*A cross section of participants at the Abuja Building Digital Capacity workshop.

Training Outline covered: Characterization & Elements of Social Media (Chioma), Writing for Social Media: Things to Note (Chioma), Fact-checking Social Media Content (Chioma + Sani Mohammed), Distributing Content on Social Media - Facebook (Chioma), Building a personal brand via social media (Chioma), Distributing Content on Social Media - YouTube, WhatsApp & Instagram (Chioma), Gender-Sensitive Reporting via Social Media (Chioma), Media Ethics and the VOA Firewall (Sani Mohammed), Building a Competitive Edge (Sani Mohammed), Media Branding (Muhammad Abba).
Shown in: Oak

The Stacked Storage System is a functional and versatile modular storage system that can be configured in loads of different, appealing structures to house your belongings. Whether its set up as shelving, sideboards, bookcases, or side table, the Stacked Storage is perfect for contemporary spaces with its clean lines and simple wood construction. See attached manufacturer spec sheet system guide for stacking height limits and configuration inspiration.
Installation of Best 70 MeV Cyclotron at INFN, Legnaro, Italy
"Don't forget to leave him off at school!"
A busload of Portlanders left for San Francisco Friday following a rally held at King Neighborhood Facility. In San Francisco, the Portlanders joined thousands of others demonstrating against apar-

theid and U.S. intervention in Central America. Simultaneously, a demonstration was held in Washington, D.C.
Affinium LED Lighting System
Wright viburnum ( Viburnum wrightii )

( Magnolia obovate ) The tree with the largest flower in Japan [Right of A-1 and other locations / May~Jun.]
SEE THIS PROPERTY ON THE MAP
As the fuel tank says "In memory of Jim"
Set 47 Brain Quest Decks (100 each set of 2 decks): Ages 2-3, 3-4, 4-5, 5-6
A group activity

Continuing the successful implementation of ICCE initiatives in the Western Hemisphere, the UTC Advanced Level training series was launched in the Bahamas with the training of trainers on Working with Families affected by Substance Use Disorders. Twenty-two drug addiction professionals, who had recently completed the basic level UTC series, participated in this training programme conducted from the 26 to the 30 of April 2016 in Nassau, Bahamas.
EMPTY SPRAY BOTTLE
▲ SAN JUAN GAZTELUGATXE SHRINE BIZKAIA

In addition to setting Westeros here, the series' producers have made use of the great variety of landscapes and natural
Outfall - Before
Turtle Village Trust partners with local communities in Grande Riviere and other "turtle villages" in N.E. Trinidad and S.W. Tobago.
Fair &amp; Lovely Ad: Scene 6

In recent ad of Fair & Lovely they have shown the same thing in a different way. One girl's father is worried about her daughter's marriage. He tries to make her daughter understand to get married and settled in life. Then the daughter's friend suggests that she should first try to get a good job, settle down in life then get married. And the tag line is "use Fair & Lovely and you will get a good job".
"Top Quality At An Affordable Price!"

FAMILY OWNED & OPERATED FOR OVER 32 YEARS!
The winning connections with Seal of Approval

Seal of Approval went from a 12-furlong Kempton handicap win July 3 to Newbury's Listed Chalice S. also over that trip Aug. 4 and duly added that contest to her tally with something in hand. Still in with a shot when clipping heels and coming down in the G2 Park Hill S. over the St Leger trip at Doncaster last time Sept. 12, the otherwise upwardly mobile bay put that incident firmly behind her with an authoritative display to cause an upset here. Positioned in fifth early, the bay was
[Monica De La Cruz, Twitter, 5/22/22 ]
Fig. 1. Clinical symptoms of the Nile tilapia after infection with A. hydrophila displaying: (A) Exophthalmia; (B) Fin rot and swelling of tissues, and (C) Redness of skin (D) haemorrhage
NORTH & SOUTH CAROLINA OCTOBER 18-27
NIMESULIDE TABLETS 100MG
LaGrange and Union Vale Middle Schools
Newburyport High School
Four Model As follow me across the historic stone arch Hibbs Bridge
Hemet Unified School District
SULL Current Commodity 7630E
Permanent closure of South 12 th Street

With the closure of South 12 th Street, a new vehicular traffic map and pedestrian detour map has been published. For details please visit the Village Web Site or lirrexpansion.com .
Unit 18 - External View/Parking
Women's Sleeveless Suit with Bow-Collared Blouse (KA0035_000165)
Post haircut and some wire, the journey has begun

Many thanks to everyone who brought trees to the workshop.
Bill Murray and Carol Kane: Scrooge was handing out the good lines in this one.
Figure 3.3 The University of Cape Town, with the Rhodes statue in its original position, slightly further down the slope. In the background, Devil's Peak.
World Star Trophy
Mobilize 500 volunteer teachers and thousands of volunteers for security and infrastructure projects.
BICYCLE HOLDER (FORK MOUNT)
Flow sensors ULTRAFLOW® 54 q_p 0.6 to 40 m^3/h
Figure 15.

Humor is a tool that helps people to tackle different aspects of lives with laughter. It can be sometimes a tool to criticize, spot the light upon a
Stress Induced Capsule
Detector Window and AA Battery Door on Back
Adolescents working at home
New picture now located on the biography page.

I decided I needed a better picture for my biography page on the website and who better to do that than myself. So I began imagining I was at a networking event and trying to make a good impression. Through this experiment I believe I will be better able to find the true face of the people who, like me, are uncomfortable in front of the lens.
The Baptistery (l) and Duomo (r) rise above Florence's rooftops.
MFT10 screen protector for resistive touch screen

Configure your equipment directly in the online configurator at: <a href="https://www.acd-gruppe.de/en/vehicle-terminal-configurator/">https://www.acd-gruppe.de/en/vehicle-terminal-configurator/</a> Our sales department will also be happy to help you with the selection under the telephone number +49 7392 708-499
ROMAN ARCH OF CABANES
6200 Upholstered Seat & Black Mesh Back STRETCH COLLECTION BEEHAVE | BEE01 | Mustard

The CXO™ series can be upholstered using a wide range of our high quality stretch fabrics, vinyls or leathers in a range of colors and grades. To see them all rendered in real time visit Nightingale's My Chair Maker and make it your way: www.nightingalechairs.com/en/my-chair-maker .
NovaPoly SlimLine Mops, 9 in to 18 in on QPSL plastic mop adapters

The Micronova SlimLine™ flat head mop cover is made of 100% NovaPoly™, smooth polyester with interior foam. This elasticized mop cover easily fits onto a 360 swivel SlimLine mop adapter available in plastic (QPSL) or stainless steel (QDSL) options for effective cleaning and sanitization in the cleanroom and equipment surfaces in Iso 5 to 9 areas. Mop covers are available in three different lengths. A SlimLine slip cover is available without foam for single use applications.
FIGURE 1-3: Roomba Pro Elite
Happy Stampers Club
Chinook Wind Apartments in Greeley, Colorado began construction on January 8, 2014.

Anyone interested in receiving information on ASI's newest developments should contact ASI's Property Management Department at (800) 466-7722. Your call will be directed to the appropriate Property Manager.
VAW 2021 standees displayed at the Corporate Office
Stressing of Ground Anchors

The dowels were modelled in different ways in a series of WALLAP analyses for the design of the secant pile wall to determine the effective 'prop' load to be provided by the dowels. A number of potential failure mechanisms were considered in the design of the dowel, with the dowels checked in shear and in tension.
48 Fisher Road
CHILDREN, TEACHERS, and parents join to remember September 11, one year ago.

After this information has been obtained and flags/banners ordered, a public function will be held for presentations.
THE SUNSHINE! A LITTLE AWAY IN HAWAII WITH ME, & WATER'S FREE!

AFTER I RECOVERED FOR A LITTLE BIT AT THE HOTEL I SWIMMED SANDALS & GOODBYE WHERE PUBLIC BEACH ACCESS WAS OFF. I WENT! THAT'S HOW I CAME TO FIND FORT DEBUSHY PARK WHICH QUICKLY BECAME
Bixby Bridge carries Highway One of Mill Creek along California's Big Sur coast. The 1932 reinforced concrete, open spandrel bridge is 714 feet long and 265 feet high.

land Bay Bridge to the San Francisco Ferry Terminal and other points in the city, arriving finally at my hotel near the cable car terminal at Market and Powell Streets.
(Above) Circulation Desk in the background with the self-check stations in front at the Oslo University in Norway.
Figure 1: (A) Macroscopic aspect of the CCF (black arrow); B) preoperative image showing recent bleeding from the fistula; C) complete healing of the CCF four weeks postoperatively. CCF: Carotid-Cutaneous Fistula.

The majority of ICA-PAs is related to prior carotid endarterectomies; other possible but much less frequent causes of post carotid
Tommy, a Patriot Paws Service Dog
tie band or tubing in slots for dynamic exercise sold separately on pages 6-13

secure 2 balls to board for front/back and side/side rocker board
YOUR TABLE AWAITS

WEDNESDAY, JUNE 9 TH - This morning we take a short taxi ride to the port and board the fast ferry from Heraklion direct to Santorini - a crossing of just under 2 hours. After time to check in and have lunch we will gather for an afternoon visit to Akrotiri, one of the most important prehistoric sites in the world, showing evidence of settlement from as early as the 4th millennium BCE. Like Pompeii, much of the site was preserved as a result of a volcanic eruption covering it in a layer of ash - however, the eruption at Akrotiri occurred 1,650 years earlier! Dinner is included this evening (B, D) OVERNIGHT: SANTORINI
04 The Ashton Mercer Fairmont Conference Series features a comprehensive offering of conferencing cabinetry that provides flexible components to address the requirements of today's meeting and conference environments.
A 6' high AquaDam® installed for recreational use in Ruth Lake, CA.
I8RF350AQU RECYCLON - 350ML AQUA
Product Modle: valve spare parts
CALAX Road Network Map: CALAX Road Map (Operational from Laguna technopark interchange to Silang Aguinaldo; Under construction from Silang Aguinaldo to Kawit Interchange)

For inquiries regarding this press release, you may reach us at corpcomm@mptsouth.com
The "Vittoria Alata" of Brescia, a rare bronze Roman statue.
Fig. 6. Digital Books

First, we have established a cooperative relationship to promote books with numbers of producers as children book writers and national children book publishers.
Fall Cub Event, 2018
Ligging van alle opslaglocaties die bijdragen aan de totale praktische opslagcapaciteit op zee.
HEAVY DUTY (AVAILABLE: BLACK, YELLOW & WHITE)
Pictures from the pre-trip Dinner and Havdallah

────────

Where the listing above reaches the line that contains "SULL Current Commodity 7630E", start retyping, and finish with the line that contains "Unit 18 - External View/Parking"; reproduce those lines exactly and no others.

_Answer to this problem_:
SULL Current Commodity 7630E
Permanent closure of South 12 th Street

With the closure of South 12 th Street, a new vehicular traffic map and pedestrian detour map has been published. For details please visit the Village Web Site or lirrexpansion.com .
Unit 18 - External View/Parking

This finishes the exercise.